My chooks have already realised it’s spring. A good number of my chooks are geriatric. They earn their keep just with their weed clearing, pooing and scratching, and they only lay well for a few months in spring. But when they are all laying, eggs feature in a lot of my cooking.
This is a late Tuesday Night Vego Challenge recipe this week – time just ran away on me. But your fast, easy, healthy, midweek vego recipes are welcome in the comments.
The Recipe:
Makes 6 large muffin sized tarts. Recipe doubles fine.
The Pastry:
Into a food processor or a bowl, put 1 cup of wholemeal plain flour and a good pinch of salt.
Put a couple of good dessertspoons of low fat Greek yoghurt in a cup, then top it up to half full with olive oil. You want it about half and half – ¼ cup of each. You don’t need to mix them.
Tip the cup all at once into the processor or bowl and blitz them together. In a food processor it’s just a couple of seconds, but you can do it just by stirring. Knead just enough to combine into a dough. It needs to be quite moist so don’t add any more flour than necessary, and don’t overwork the dough or it will get tough. Put the dough in a plastic container in the freezer to cool while you make the filling.
The Filling:
Sauté 2 cups of chopped leeks in a little butter or oil (or a mixture of the two). I use the whites and pale green part, and save the dark green leaves for stock.
Use the (unwashed) food processor, or an egg beater to beat together:
- 2 eggs
- ¼ cup white wine (or substitute a squeeze of lemon juice in water, and use ordinary thyme rather than lemon thyme).
- a dessertspoon of lemon thyme
- a good grating of black pepper
Chop 60 grams of low fat feta cheese into tiny cubes and stir them in.
Let the leeks cool a little while you roll out the pastry, then stir them into the egg mix too.
Assembling and Baking:
The pastry is quite fragile. The easiest way to roll it out is to put a sheet of greaseproof paper on your bench top, put the ball of dough on it, and cover with another sheet. Roll the pastry out between the two sheets, turning once or twice to un-wrinkle the paper. You can then peel the top sheet of paper off, cut the dough to fit your muffin tins, flip the lot and peel the other sheet off. Roll the scraps out between the greaseproof paper again.
I have a small bowl that cuts circles of dough the perfect size for my Texan muffin tin, and this recipe makes just enough to fill it. Really though you can make them any size or shape you like.

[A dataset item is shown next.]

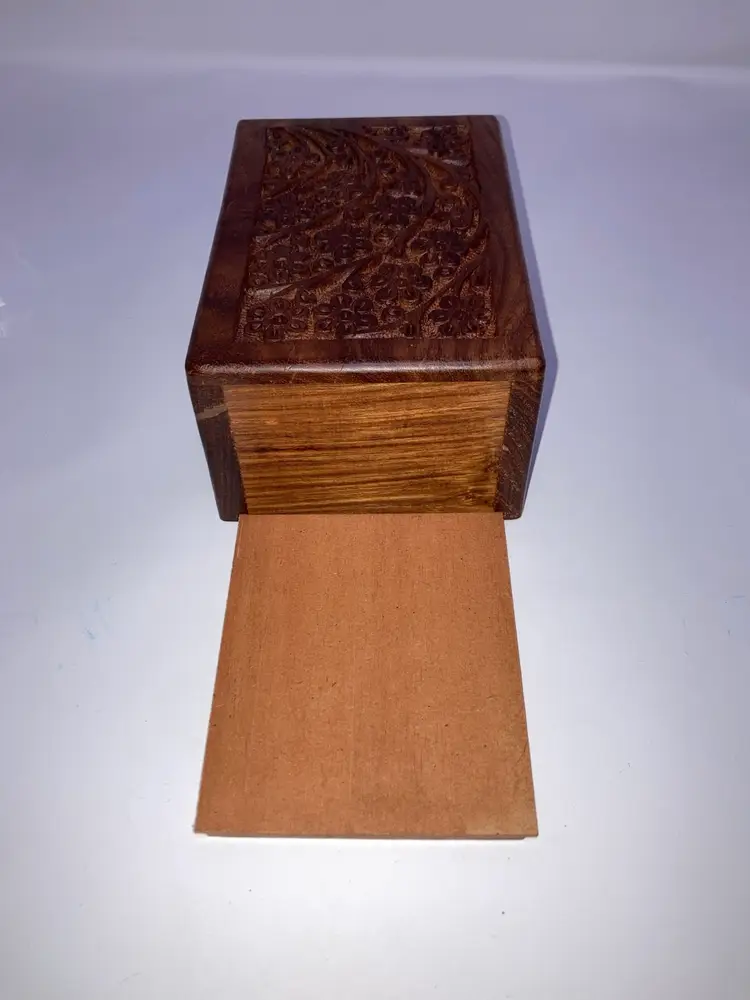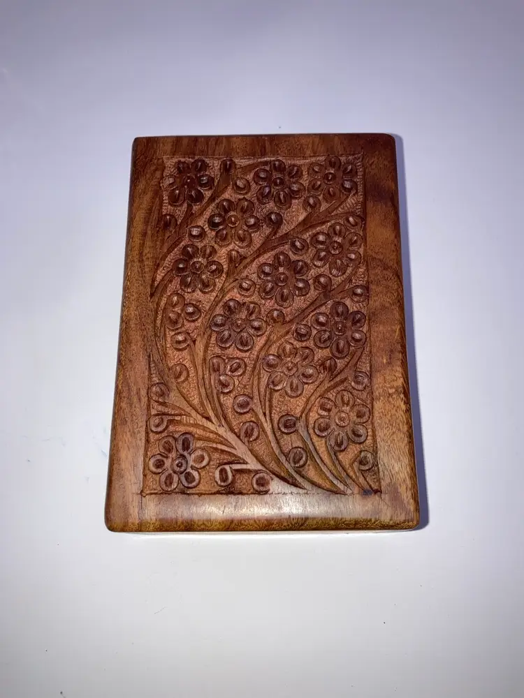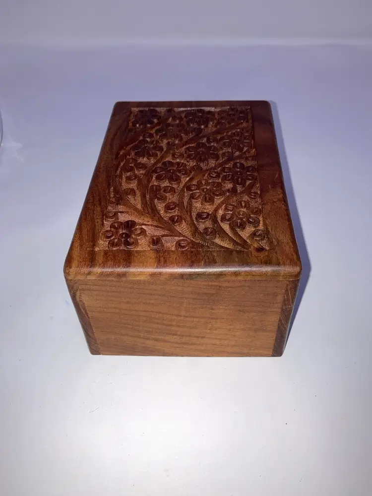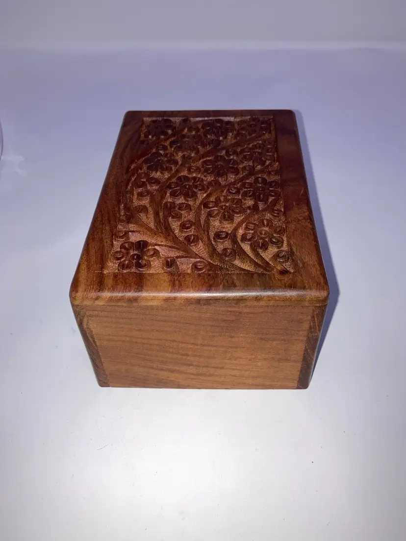 Hand Carved Wooden Stash Box! 3”Tall x 6”Wide x 4”! NEW to District? Enter code Michel42 into your wallet prior to your first purchase and save $5 off of $10 or more! Thank you for checking out my items! Give me a Follow and I'll Follow you back! I do combine shipping and refund for any shipping overages!

Grease the baking tins lightly, line with pastry, and spoon in the eggs, cheese and leeks mix.
Bake in a medium oven for around 20 minutes till the pastry is golden. Serve with a salad or steamed vegies on the side.
They look sensational, and I have to try your pastry! I almost never make pastry because I just can’t justify in my head adding all that butter and flour to a meal. I do, however enjoy eating things like quiche for dinner.
This week I made some boston-style baked beans in the pressure cooker, and a home made soda bread to go with them. They were so tasty I need to make a double batch next time so I can eat the leftovers for breakfast.
Yum, too bad I just used up my last leek. Perhaps I’ll pick some more up at the farmers market this weekend. I’m very interested in your recipe for pastry as well.
My vego meals this week have included Japanese pancakes (a regular in our house) and a soup of root vegetables that we had tonight.
Sarah we love baked beans too, though I do them in the slow cooker rather than the pressure cooker (those things scare me) and sometimes add bacon, though obviously not vego then.
Thanks for this pastry recipe. I have been struggling making pastry for my wheat intolerant son …the spelt flour recipe required too much handling and kept falling apart. I have never thought of making the pastry in the food processor. Inspired to experiment with some gluten free flour and see what I come up with now!
Hi Barbara, try one of the new generation of pressure cookers. They have pressure release valves that stop any risk of those wonderful old stories people have from the 50’s of pressure cookers blowing up and spraying food on the ceiling. They’re expensive, but double as a big stainless steel pot, and they save so much in energy they probably pay for themselves. I treasure mine.
Lovely! I have perennial leeks going mad, and chookie eggs, so this will go on the list to try, thanks Linda!
Thanks for the pastry recipe. Just used it to make little meat pies with some leftover Hungarian Goulash. It made a crunchier, lighter, yummier pastry than my usual flour, butter and water in the food processor. My daughter even made some little crackers with the leftover bits – so that’s a school snack sorted too.